### ACTION ITEM
An acceptable answer contains every record below, unchanged, and no pictures.

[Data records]
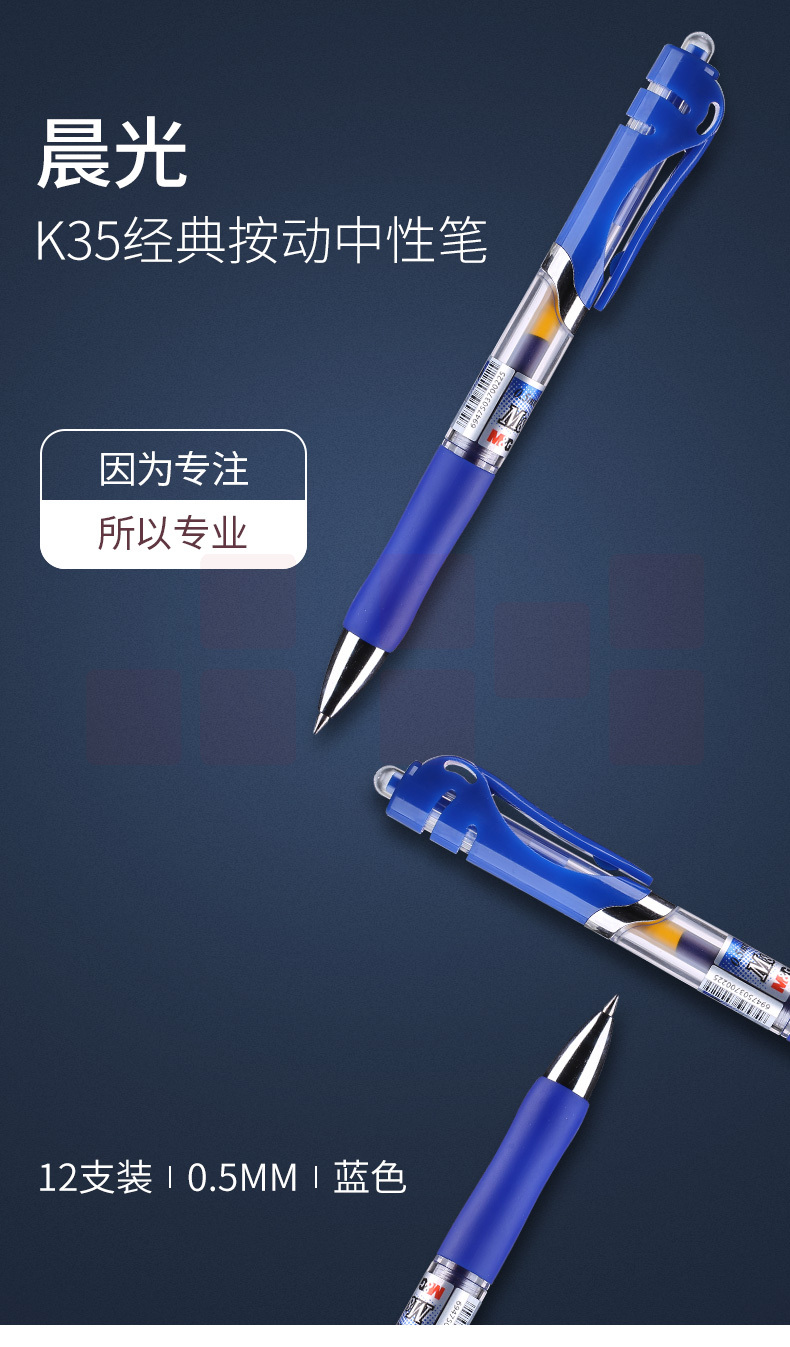 晨光 M&G K-35 0.5mm (蓝色) 中性笔 12支/盒 单位:支
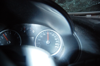No trecho onde o acidente aconteceu, a sinalização indica velocidade máxima permitida de 60km/h, dada a periculosidade da referida curva, porém no momento do acidente o velocímetro do carro travou em 100km/h, o que indica que ele possivelmente estivesse em alta velocidade.
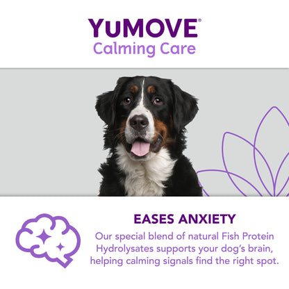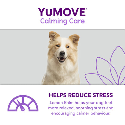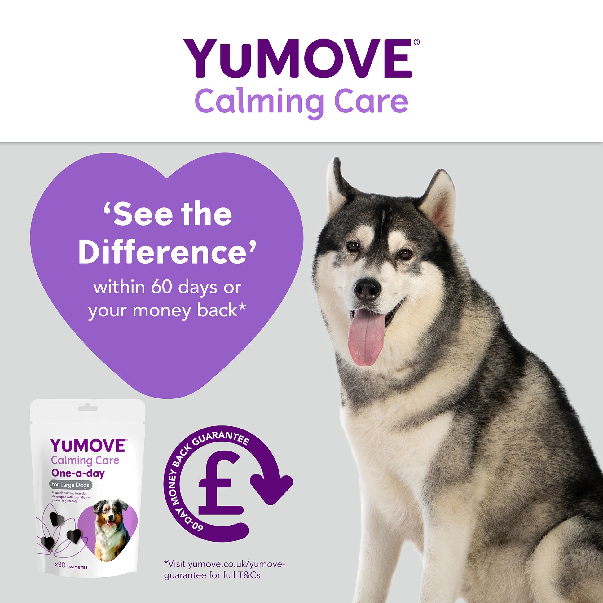 Keep your dog's tail wagging with YuMOVE Calming Care One-a-day for Large Dogs, previously YuCALM One-A-Day. This unique formula contains natural, scientifically proven ingredients, providing an effective way to help reduce stress, support calm behaviour and ease anxiety.
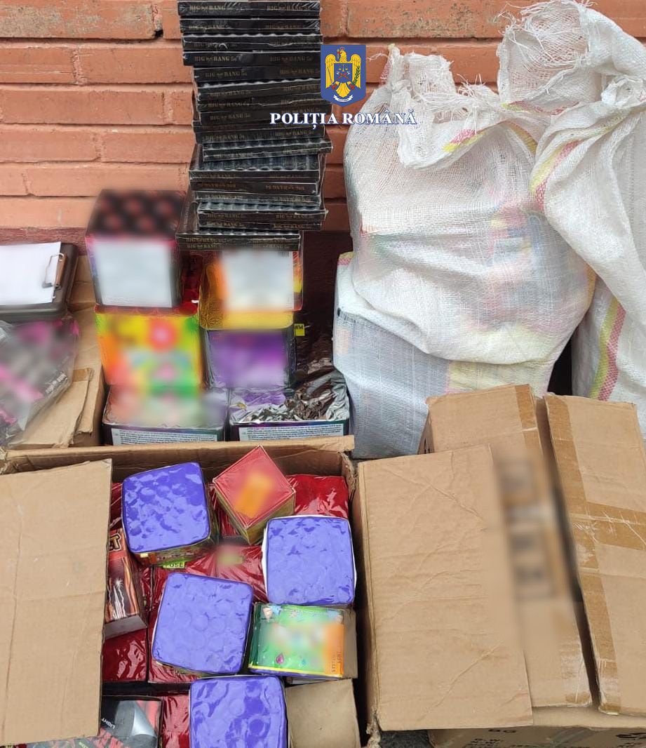 În urma perchezițiilor, polițiștii au descoperit 190 de kilograme de articole pirotehnice. de diferite categorii și tipuri, destinate utilizării de către pirotehnicieni, acestea fiind ridicate în vederea continuării cercetărilor.
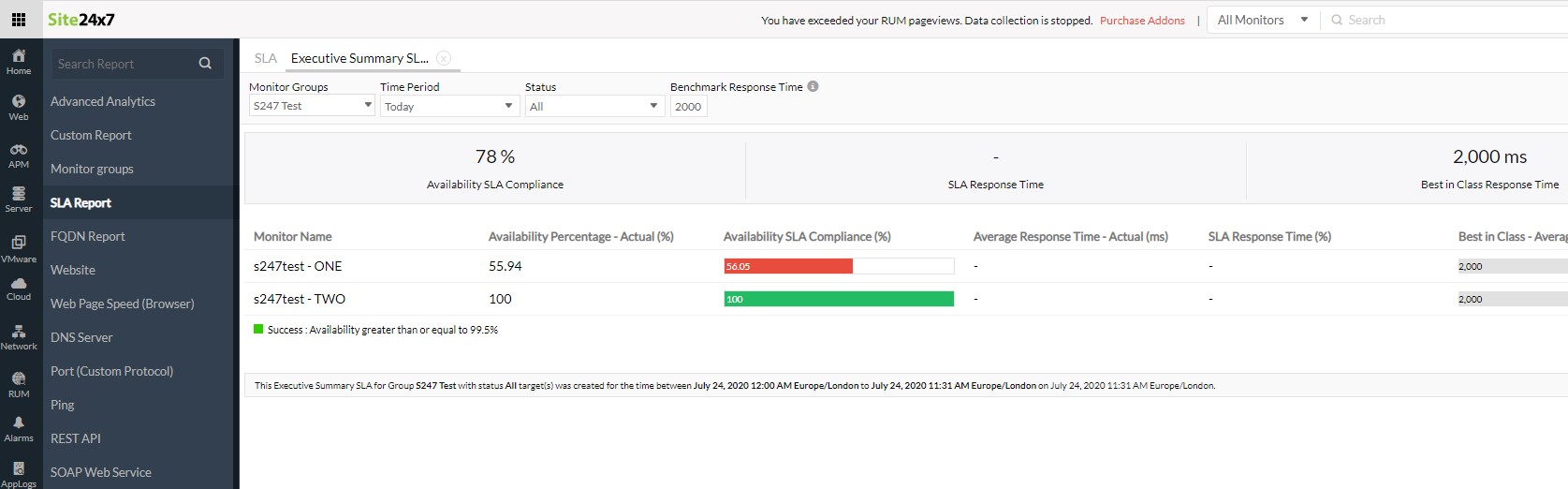 Can you check our our Executive Summary SLA report and check if it suites your need. Executive Summary SLA report gives you an outlook into your overall availability and response time SLA on a monitor group level.
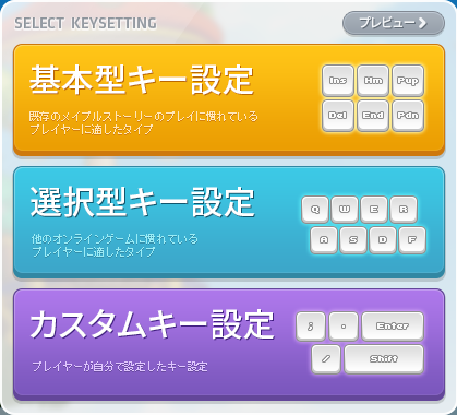 キャラクターを作成する際にキー設定タイプを選択できます。
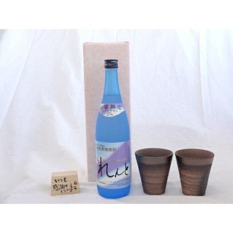 贈り物ギフトセット 榮田 清峰作直筆メッセージ木片付ペアカップセット(陶芸作家安藤嘉規作 日本製萬古焼き) れんと 黒糖焼酎 奄美大島開運 720ml(鹿児島県)
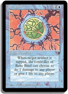 When target artifact opponent controls becomes tapped, you may give 1 life or have Relic Bind deal 1 damage to target player.
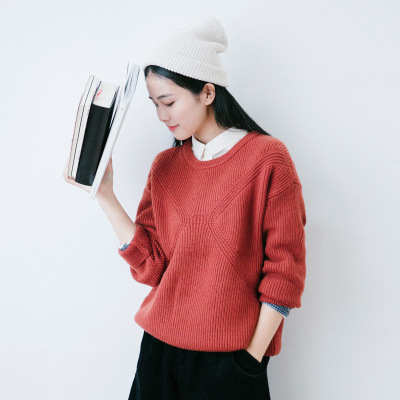 敘舊去年今日/圓領(lǐng)套頭毛衣女百搭秋冬純色針織毛衣2015 /
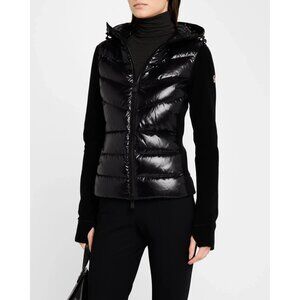 Moncler Grenoble Black Puffer Polar Fleece Hooded Zip-Up Cardigan Jacket Size XL
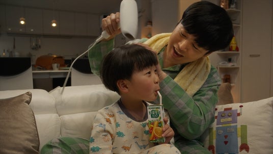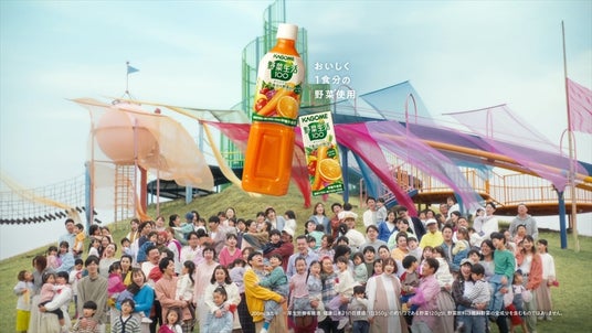 合唱は続き、親に駆け寄る子どもたちと、そんな子どもたちを抱きとめる親たちの優しいまなざしが映し出されます。そして、「野菜生活100」をおいしそうに飲む子どもたちや劇団ひとりさんの笑顔とともに、「いつか大人になる君の、その元気を、いちばんそばで守りたい。だから、飲も。いっしょに。」という、愛にあふれたメッセージが語られます。
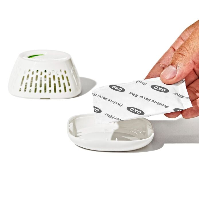 The OXO Produce Saver Crisper Drawer Inserts help slow the ripening process by absorbing ethylene gas, which many fruits and vegetables naturally release as they mature. By reducing ethylene build-up inside your refrigerator’s crisper drawer, these inserts help prolong shelf life and minimise food waste.
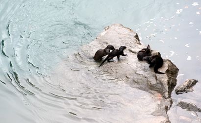 Erzincan'ın Kemaliye ilçesinde Sibirya soğuklarının etkisiyle büyük bölümü buzla kaplanan Fırat Nehri'nde, 4 su samuru görüldü. Soğuk havaya rağmen nehirde hareket halinde olan bu canlılar, bölge halkı ve doğa fotoğrafçılarının ilgisini çekti.
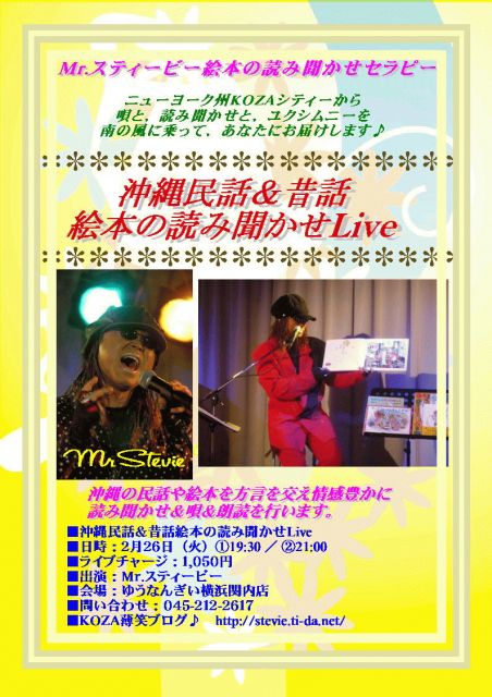 沖縄唄&沖縄民話の読み聞かせLIVE♪ 関東地域にお住まいの方へ告知です。 沖縄で司会業やライブ等の活動をしているタレントのMr.スティービー http://stevie.ti-da.net/ といいます。 ライフワークとして行っているのが、絵本の読み聞かせや朗読にピアノのバッキング演奏を取り入れた長編作品の“絵本の読み聞かせ”&朗読&歌とお喋りの「大人の読み聞かせライブ」http://stevie.ti-da.net/c89985.html を行っています。 今回はサポートミュージシャンがいないため、沖縄の方言を交え、沖縄民話&沖縄の曲を中心に唄う「大人の読み
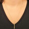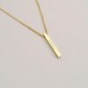 14k Solid Gold 3D Cube Bar Necklace

### RESPONSE TO THIS TASK
 晨光 M&G K-35 0.5mm (蓝色) 中性笔 12支/盒 单位:支
No trecho onde o acidente aconteceu, a sinalização indica velocidade máxima permitida de 60km/h, dada a periculosidade da referida curva, porém no momento do acidente o velocímetro do carro travou em 100km/h, o que indica que ele possivelmente estivesse em alta velocidade.
 Keep your dog's tail wagging with YuMOVE Calming Care One-a-day for Large Dogs, previously YuCALM One-A-Day. This unique formula contains natural, scientifically proven ingredients, providing an effective way to help reduce stress, support calm behaviour and ease anxiety.
 În urma perchezițiilor, polițiștii au descoperit 190 de kilograme de articole pirotehnice. de diferite categorii și tipuri, destinate utilizării de către pirotehnicieni, acestea fiind ridicate în vederea continuării cercetărilor.
 Can you check our our Executive Summary SLA report and check if it suites your need. Executive Summary SLA report gives you an outlook into your overall availability and response time SLA on a monitor group level.
 キャラクターを作成する際にキー設定タイプを選択できます。
 贈り物ギフトセット 榮田 清峰作直筆メッセージ木片付ペアカップセット(陶芸作家安藤嘉規作 日本製萬古焼き) れんと 黒糖焼酎 奄美大島開運 720ml(鹿児島県)
 When target artifact opponent controls becomes tapped, you may give 1 life or have Relic Bind deal 1 damage to target player.
 敘舊去年今日/圓領(lǐng)套頭毛衣女百搭秋冬純色針織毛衣2015 /
 Moncler Grenoble Black Puffer Polar Fleece Hooded Zip-Up Cardigan Jacket Size XL
 合唱は続き、親に駆け寄る子どもたちと、そんな子どもたちを抱きとめる親たちの優しいまなざしが映し出されます。そして、「野菜生活100」をおいしそうに飲む子どもたちや劇団ひとりさんの笑顔とともに、「いつか大人になる君の、その元気を、いちばんそばで守りたい。だから、飲も。いっしょに。」という、愛にあふれたメッセージが語られます。
 The OXO Produce Saver Crisper Drawer Inserts help slow the ripening process by absorbing ethylene gas, which many fruits and vegetables naturally release as they mature. By reducing ethylene build-up inside your refrigerator’s crisper drawer, these inserts help prolong shelf life and minimise food waste.
 Erzincan'ın Kemaliye ilçesinde Sibirya soğuklarının etkisiyle büyük bölümü buzla kaplanan Fırat Nehri'nde, 4 su samuru görüldü. Soğuk havaya rağmen nehirde hareket halinde olan bu canlılar, bölge halkı ve doğa fotoğrafçılarının ilgisini çekti.
 沖縄唄&沖縄民話の読み聞かせLIVE♪ 関東地域にお住まいの方へ告知です。 沖縄で司会業やライブ等の活動をしているタレントのMr.スティービー http://stevie.ti-da.net/ といいます。 ライフワークとして行っているのが、絵本の読み聞かせや朗読にピアノのバッキング演奏を取り入れた長編作品の“絵本の読み聞かせ”&朗読&歌とお喋りの「大人の読み聞かせライブ」http://stevie.ti-da.net/c89985.html を行っています。 今回はサポートミュージシャンがいないため、沖縄の方言を交え、沖縄民話&沖縄の曲を中心に唄う「大人の読み
 14k Solid Gold 3D Cube Bar Necklace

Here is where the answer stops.